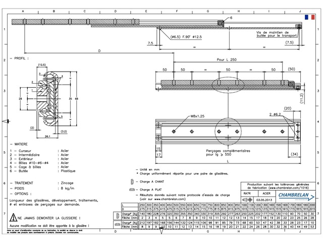 Slide total extention Steel RA7R - CHAMBRELAN GLISSIERES A BILLES et RAILS DE GUIDAGE INDUSTRIELS
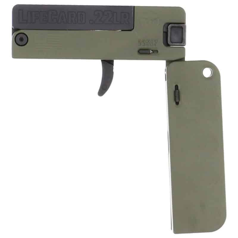 Trailblazer Firearms LifeCard is an ultra-compact, folding single-shot pistol chambered in .22 LR. Its credit-card-size polymer handle in OD green and folding design make it suitable for minimalistic everyday carry and recreational rimfire use. The single-action mechanism and lightweight construction emphasize simplicity and portability for users who prioritize a low-profile option.
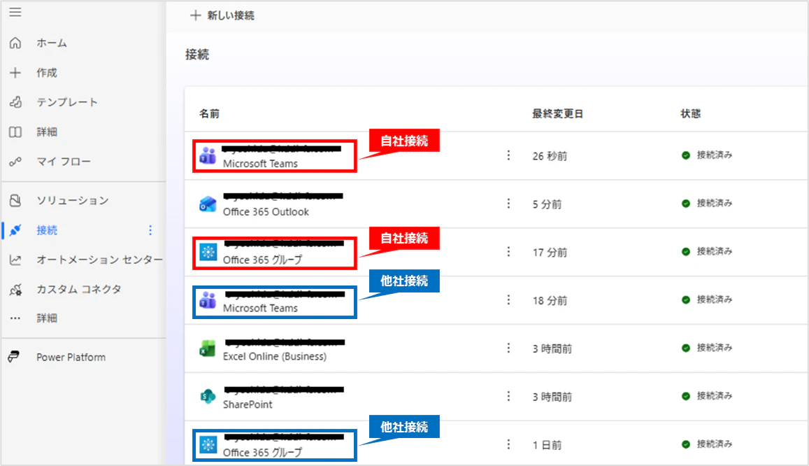 一覧表示だとどちらが自社・他社の接続か区別できないので、接続を選択して接続が利用されるフローで見極めてください。
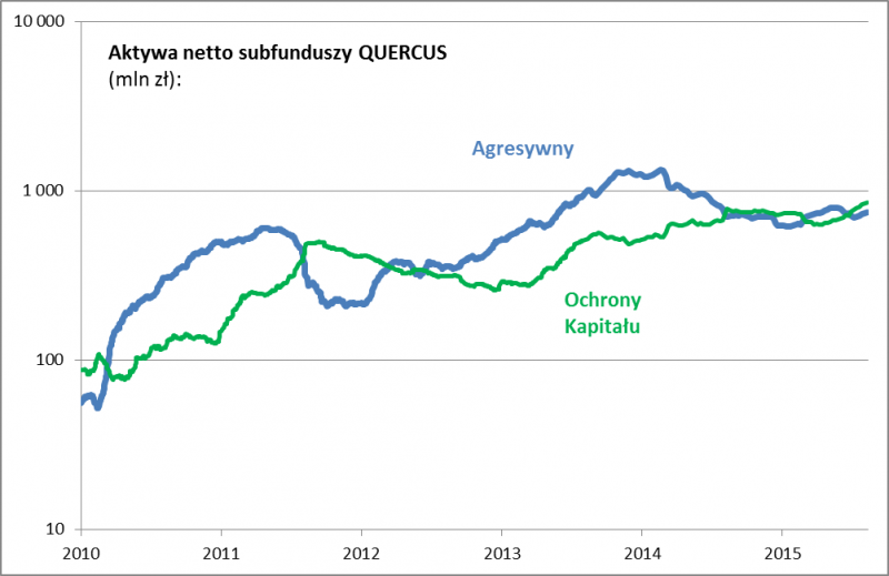 Poziom aktywów poszczególnych klas funduszy inwestycyjnych bywa traktowany jako barometr nastrojów wśród inwestorów. Idąc tym tropem monitorujemy aktywa dwóch funduszy QRS o zupełnie odmiennym nastawieniu inwestycyjnym: QUERCUS Agresywnego (nastawionego na inwestycje w akcje) i Ochrony Kapitału (lokującego w instrumenty dłużne).

========

__ASSIGNED TASK__: Return the lines from the one that contains "Trailblazer Firearms LifeCard" through the final line of the listing above, inclusive. Transcribe them exactly and drop the pictures.

__WRITTEN REPLY__:
 Trailblazer Firearms LifeCard is an ultra-compact, folding single-shot pistol chambered in .22 LR. Its credit-card-size polymer handle in OD green and folding design make it suitable for minimalistic everyday carry and recreational rimfire use. The single-action mechanism and lightweight construction emphasize simplicity and portability for users who prioritize a low-profile option.
 一覧表示だとどちらが自社・他社の接続か区別できないので、接続を選択して接続が利用されるフローで見極めてください。
 Poziom aktywów poszczególnych klas funduszy inwestycyjnych bywa traktowany jako barometr nastrojów wśród inwestorów. Idąc tym tropem monitorujemy aktywa dwóch funduszy QRS o zupełnie odmiennym nastawieniu inwestycyjnym: QUERCUS Agresywnego (nastawionego na inwestycje w akcje) i Ochrony Kapitału (lokującego w instrumenty dłużne).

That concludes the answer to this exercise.